EXERCISE DETAILS:
Scan the records below for the line with "Zu den Termin" and the line with "This canvas art". Repeat those two lines and every line between them exactly, and nothing else.

*** DATA PROVIDED ***

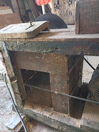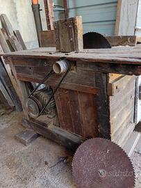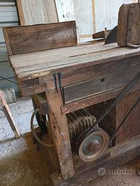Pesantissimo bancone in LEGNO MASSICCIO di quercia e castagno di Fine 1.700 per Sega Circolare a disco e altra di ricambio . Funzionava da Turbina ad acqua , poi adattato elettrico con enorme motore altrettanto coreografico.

***
*** DATA PROVIDED ***

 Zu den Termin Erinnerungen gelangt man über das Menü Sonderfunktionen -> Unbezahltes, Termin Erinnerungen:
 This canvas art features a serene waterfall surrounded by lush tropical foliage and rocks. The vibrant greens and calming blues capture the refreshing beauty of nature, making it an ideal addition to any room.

***
*** DATA PROVIDED ***

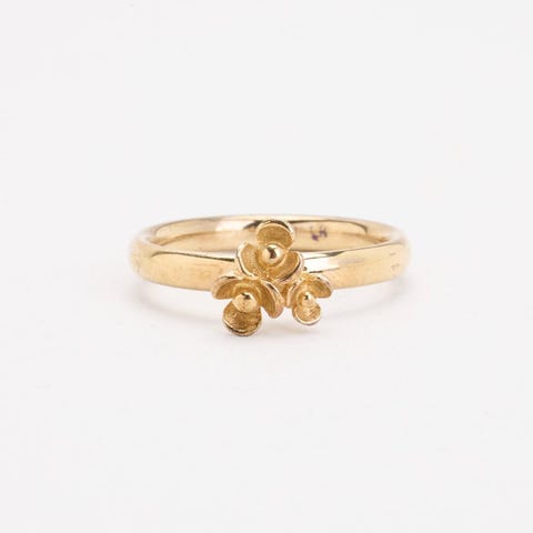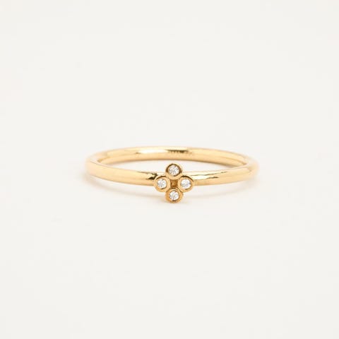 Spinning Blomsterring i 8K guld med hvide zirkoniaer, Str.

***

FINAL ANSWER:
 Zu den Termin Erinnerungen gelangt man über das Menü Sonderfunktionen -> Unbezahltes, Termin Erinnerungen:
 This canvas art features a serene waterfall surrounded by lush tropical foliage and rocks. The vibrant greens and calming blues capture the refreshing beauty of nature, making it an ideal addition to any room.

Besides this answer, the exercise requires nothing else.